Comparative Example 4
1680 g of silica powder [crystallite VX-S2], lithium silicate liquid [lithium silicate L-45] 600 g (120 g in terms of SiO ₂ ) and 6 g of silane coupling agent [SH6040] are mixed and stirred for 30 minutes to bond Sex composition was obtained. The evaluation results of this adhesive composition are shown in Table 2.

Comparative Example 5
Alumina powder [50A] 735 g, silica powder [Crystallite VX-S2] 973 g, colloidal silica liquid [“Adelite AT-40”, manufactured by Asahi Denka Kogyo Co., Ltd., dispersion in which colloidal silica is dispersed in water] 810 g ( in terms of SiO ₂ 324 g) and silane coupling agent [SH6040] 8g were mixed and stirred over a period of 30 minutes to obtain an adhesive composition. The evaluation results of this adhesive composition are shown in Table 2.

Table 2
━━━━━━━━━━━━━━━━━━━━━━━━━━━━━━━━━━━━━━━
Comparative Example 1 Comparative Example 2 Comparative Example 3 Comparative Example 4 Comparative Example 5
━━━━━━━━━━━━━━━━━━━━━━━━━━━━━━━━━━━━━━━
Alumina powder (g) − 910 1790 − 735
Silica powder (g) − − − 1680 973
Mullite powder (g) 1700 − − − −
Zirconia powder (g) − 1400 − − −
Lithium silicate (SiO ₂ ) (g) 124 111 111 120 −
Colloidal silica (SiO ₂ ) (g) − − − − 324
Silane coupling agent (g) 6 6 6 6 8
───────────────────────────────────────
Viscosity (cP) 14000 14000 14000 15000 14000
No foaming No No No No Yes Yes
Thermal conductivity (W / m · K) 0.80 1.61 1.49 1.16 1.85
Average temperature of sealed bulb (° C) 307.8 302.2 297.2 287.2 −
3σ (° C) 23.8 16.1 15.3 16.5 −
━━━━━━━━━━━━━━━━━━━━━━━━━━━━━━━━━━━━━━━

Claims (2)

5 parts by weight to 10 parts by weight of lithium silicate in terms of SiO ₂ and 0.2 part by weight to 1 part by weight of a silane coupling agent per 100 parts by weight of the total amount of the alumina powder and silica powder An adhesive composition characterized by that.
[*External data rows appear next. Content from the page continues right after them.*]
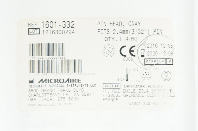 - MicroAire 1601-332 Pin Head, Gray Fits 2.4mm Pin (x)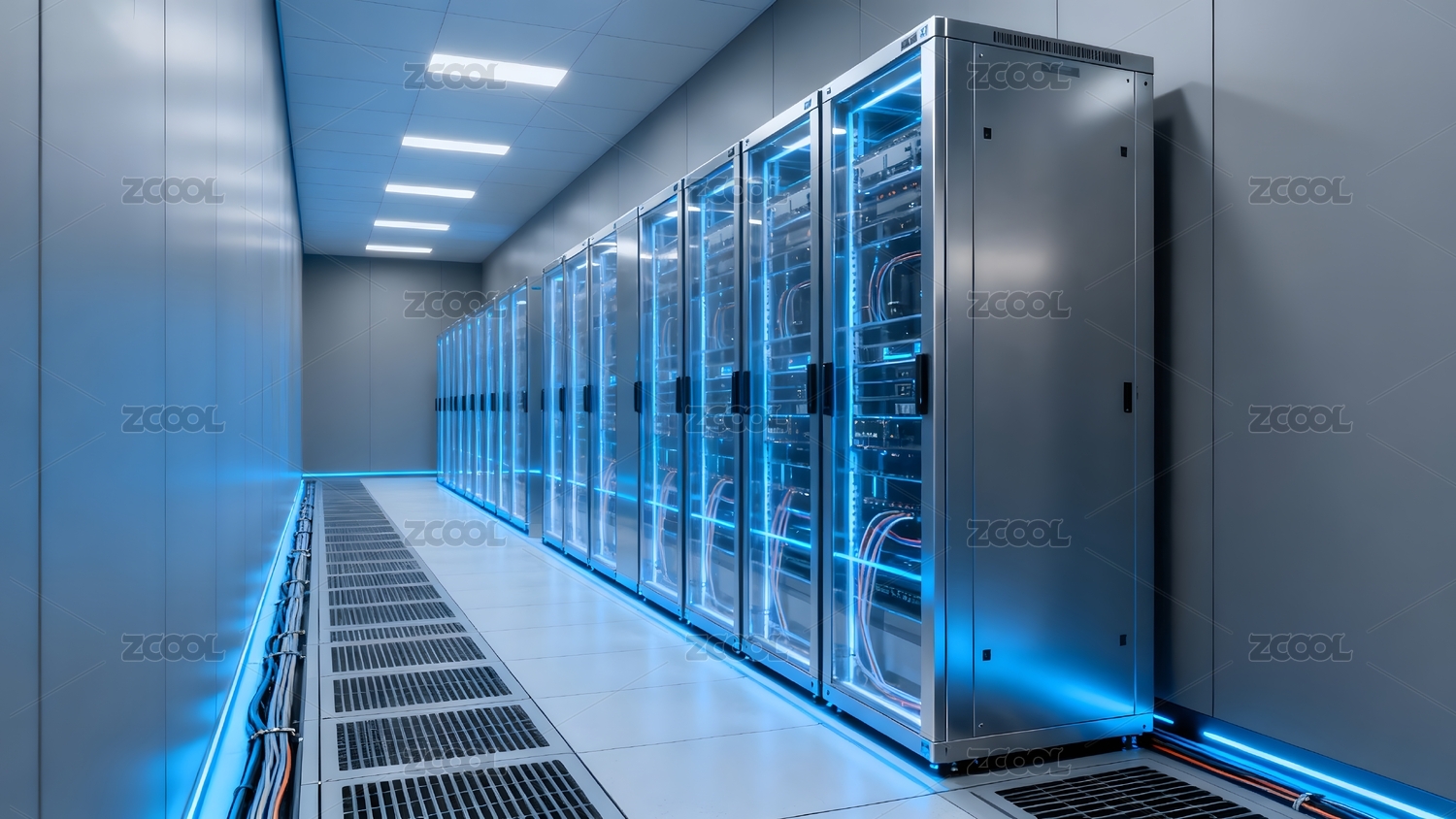 三维渲染的现代化高科技的服务器机房,强大的数据库和运算存储能力。
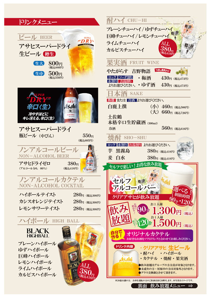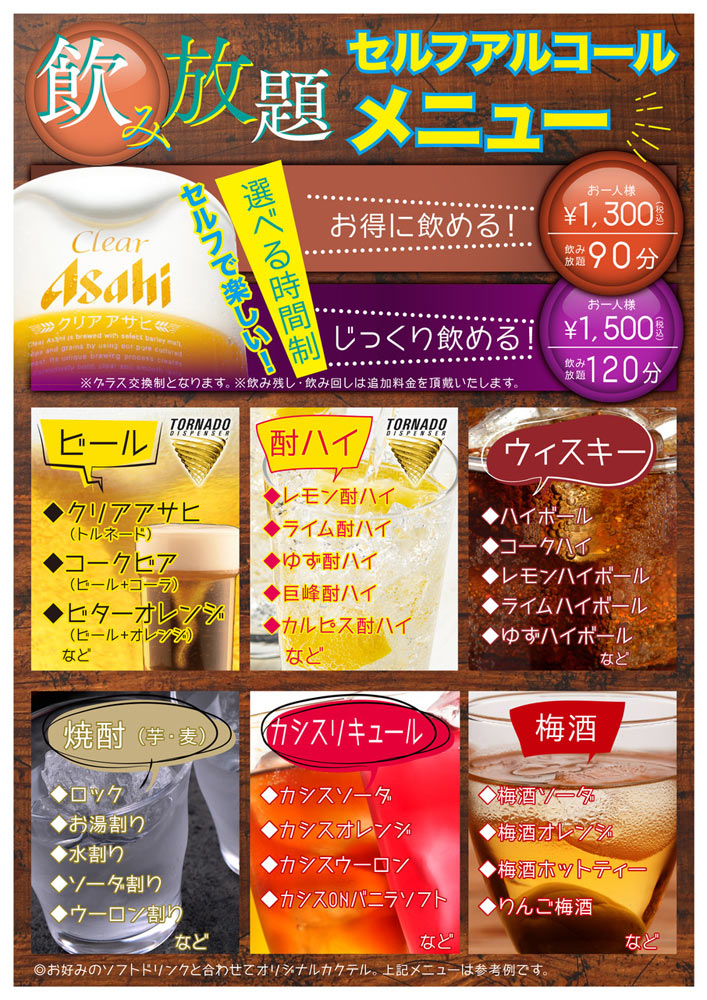セルフ飲み放題 120分(お一人様) +1,500円(税込)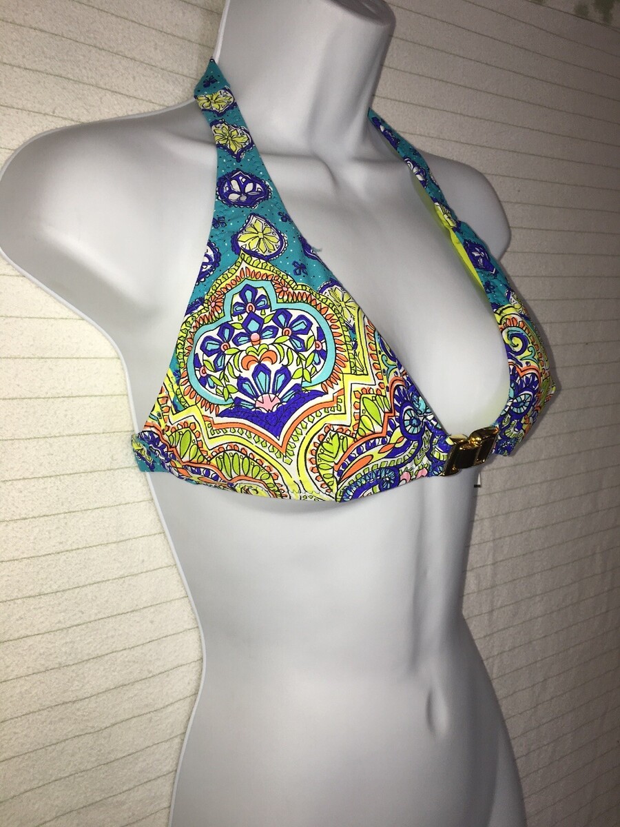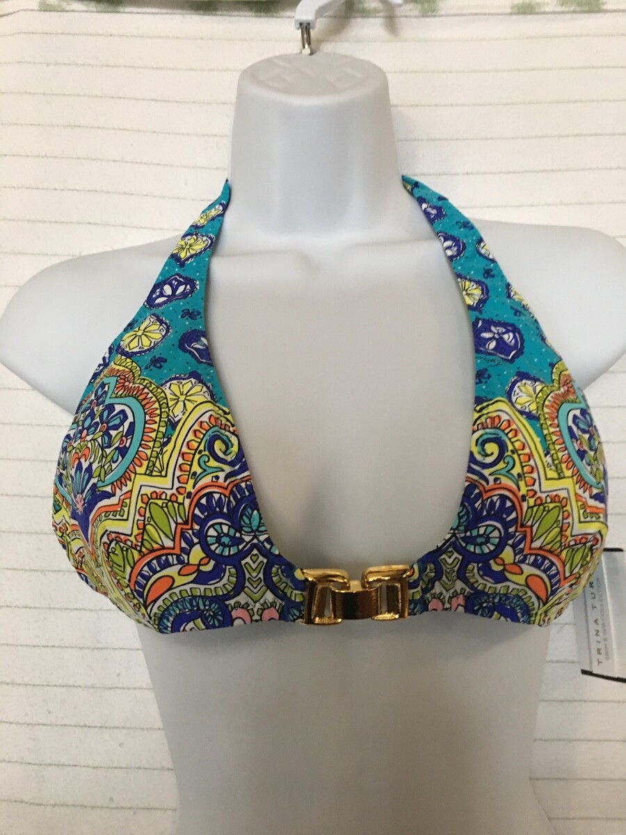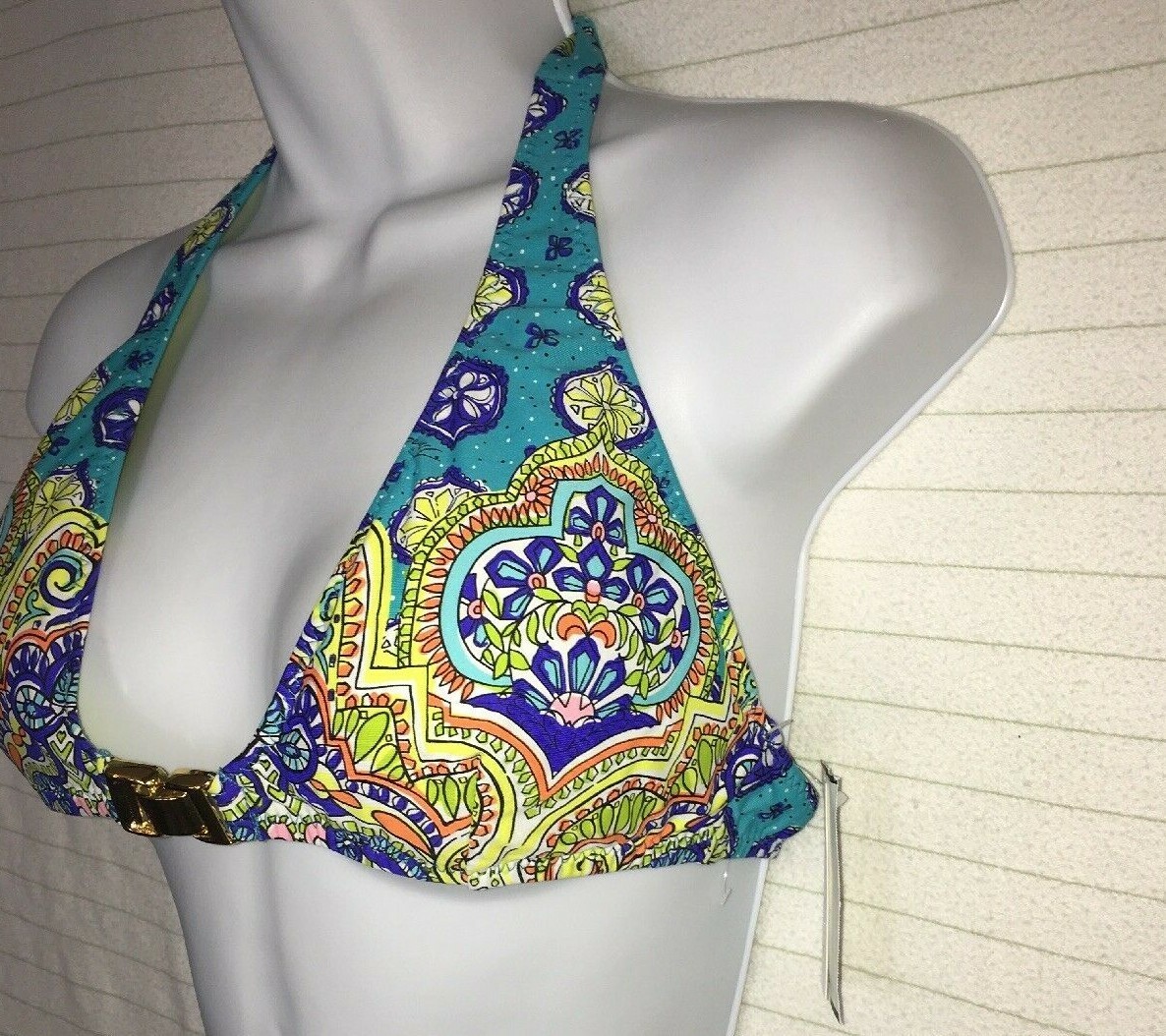 Trina Turk Corsica Halter Top Bikini Swim Turquoise US SZ 8 New $88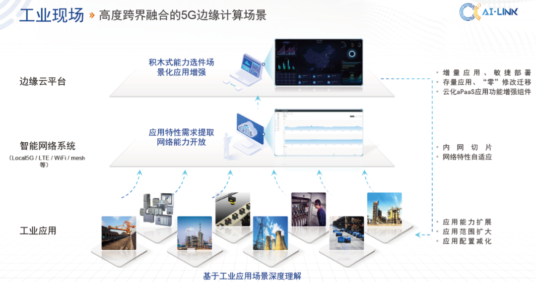 前面提到网络是基础,平台是核心。那么平台是什么?从艾灵网络的角度来看,在工业现场的场景下,这个平台指的就是边缘计算平台。而且这个边缘计算平台很大程度上不同于现在从互联网业务角度给大家呈现的边缘计算平台,它会有非常强的工业属性。这与To C领域的5G与边缘计算的结合有很大的不同。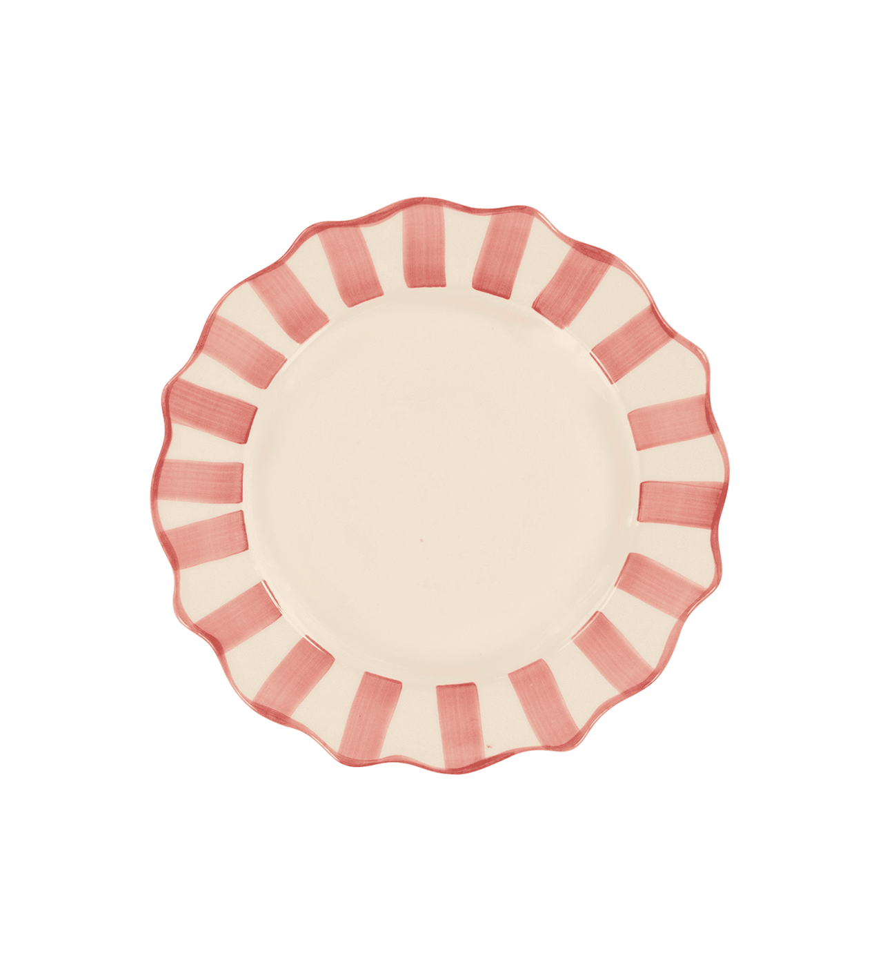 - The Pink Scalloped Breakfast Plate has a fun, vibrant design that effortlessly brightens up your table setting. The hand-painted stripes around the outer circle of the plates make the item playful and extraordinary.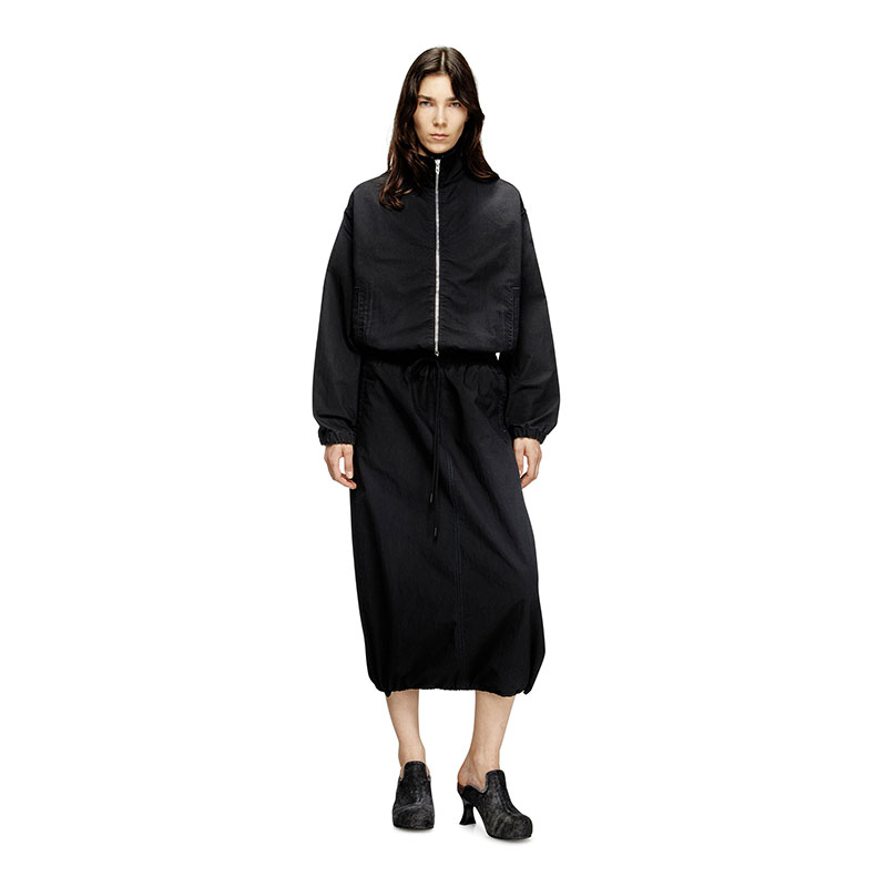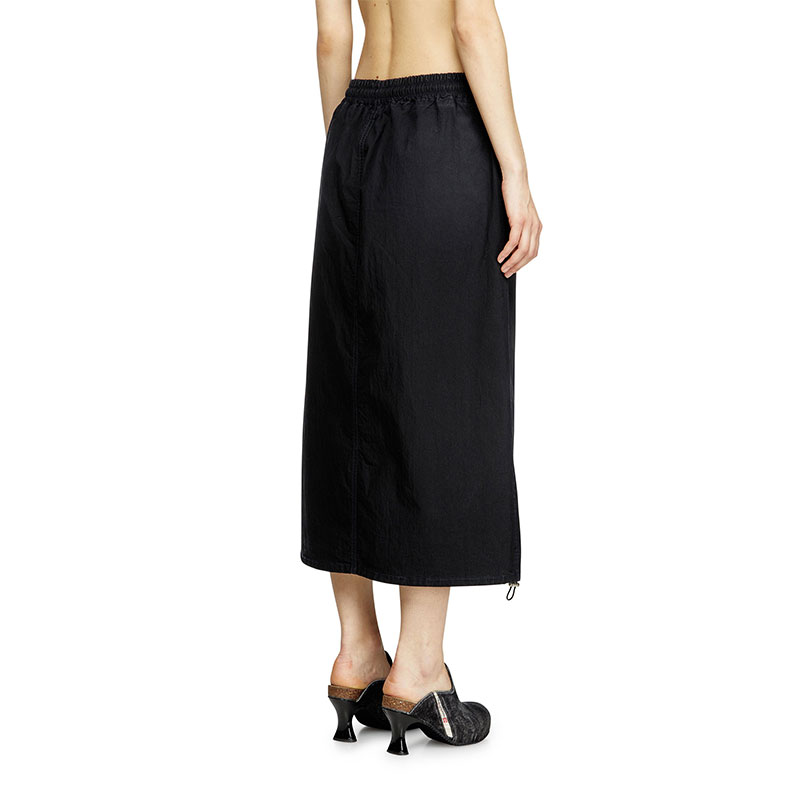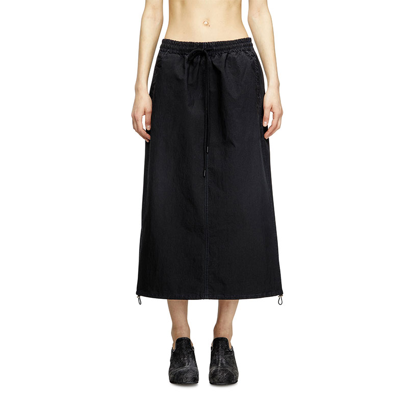 Women's skirt made from JoggJeans for the utmost comfort, featuring a stretchy drawstring waist and a mid-length, A-line silhouette.

The center particle diameter of the alumina powder is 60 μm to 70 μm, the center particle diameter of the silica powder is 3 μm to 5 μm, and the content of the silica powder is 30 wt% to 70 wt% based on the total amount of the alumina powder and the silica powder. The adhesive composition according to claim 1.